- Date: 31 August – 6 September
- Edition: 17th
- Draw: 32S / 16D
- Surface: Clay
- Location: Ostrava, Czech Republic

Champions

Singles
- Aslan Karatsev

Doubles
- Artem Sitak / Igor Zelenay
| Prosperita Open |

= 2020 Prosperita Open =

The 2020 Prosperita Open was a professional tennis tournament played on clay courts. It was the 17th edition of the tournament which was part of the 2020 ATP Challenger Tour. It took place in Ostrava, Czech Republic between 31 August and 6 September.
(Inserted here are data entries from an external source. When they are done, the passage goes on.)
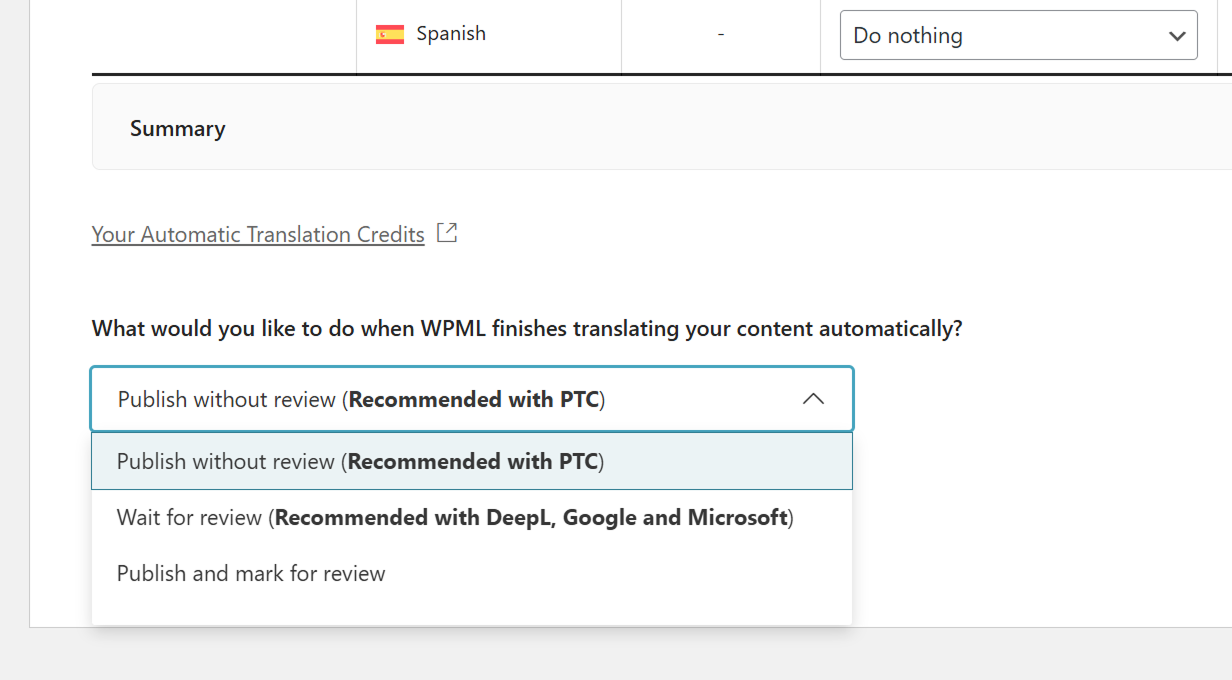 Em seguida, escolha seu método de tradução – para usar o PTC, selecione Traduzir automaticamente e certifique-se de que seu mecanismo esteja definido como PTC.
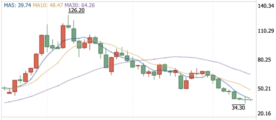 面對下行的業績,二級市場也在用實際行動進行投票,截至11月2日收盤,海天味業股價為36.86元/股,年內累計跌幅超44%,較2021年年初的126.2元/股跌超70%。
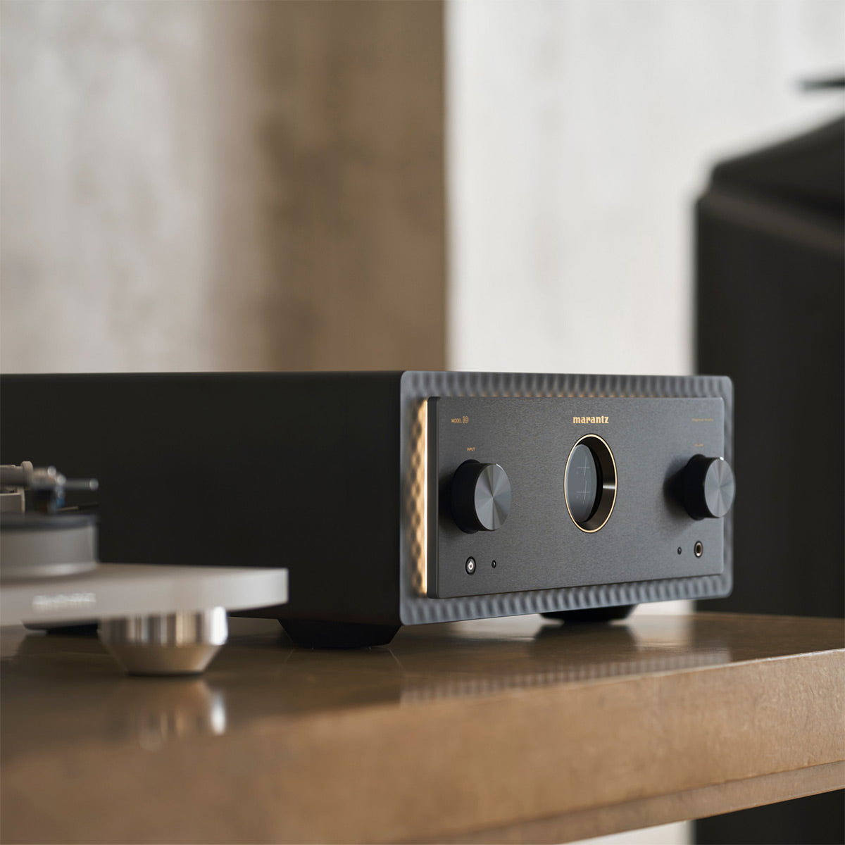 MODEL 10 is the new reference in amplifier design, with a completely new external and internal architecture. It features an innovative amplifier module, and a newly designed dual-mono symmetrical amplifier topology. Engineered to eliminate interference, MODEL 10 boasts complete separation of left to right, front-to-back and top-to-bottom internal structures and the lowest-ever distortion and widest dynamic range of any amplifier in Marantz history. The result is our most powerful and highest performing integrated amplifier ever.
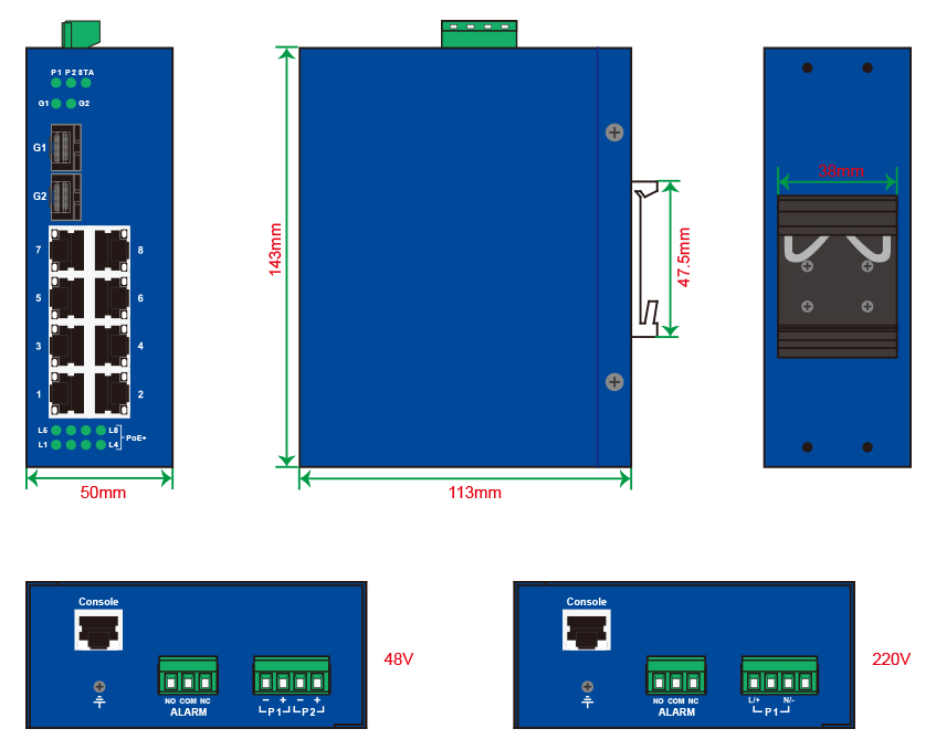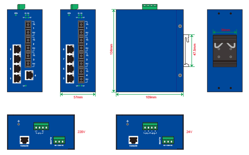 百兆光口 最多8個(gè)百兆光,SC/ST/FC可選

==Singles main-draw entrants==
===Seeds===

| Country | Player | Rank^{1} | Seed |
|---|---|---|---|
| SUI | Henri Laaksonen | 129 | 1 |
| BLR | Ilya Ivashka | 138 | 2 |
| KOR | Chung Hyeon | 142 | 3 |
| LAT | Ernests Gulbis | 158 | 4 |
| SVK | Martin Kližan | 160 | 5 |
| FRA | Arthur Rinderknech | 161 | 6 |
| CAN | Steven Diez | 165 | 7 |
| UKR | Sergiy Stakhovsky | 168 | 8 |

- ^{1} Rankings are as of 24 August 2020.

===Other entrants===
The following players received wildcards into the singles main draw:
- CZE Tomáš Macháč
- CZE Dalibor Svrčina
- FIN Otto Virtanen

The following players received entry into the singles main draw as special exempts:
- NED Tallon Griekspoor
- RUS Aslan Karatsev

The following players received entry from the qualifying draw:
- SUI Marc-Andrea Hüsler
- CZE Zdeněk Kolář
- CZE Vít Kopřiva
- GER Mats Moraing

The following player received entry as a lucky loser:
- TUN Malek Jaziri

==Champions==
===Singles===

- RUS Aslan Karatsev def. GER Oscar Otte 6–4, 6–2.

===Doubles===

- NZL Artem Sitak / SVK Igor Zelenay def. POL Karol Drzewiecki / POL Szymon Walków 7–5, 6–4.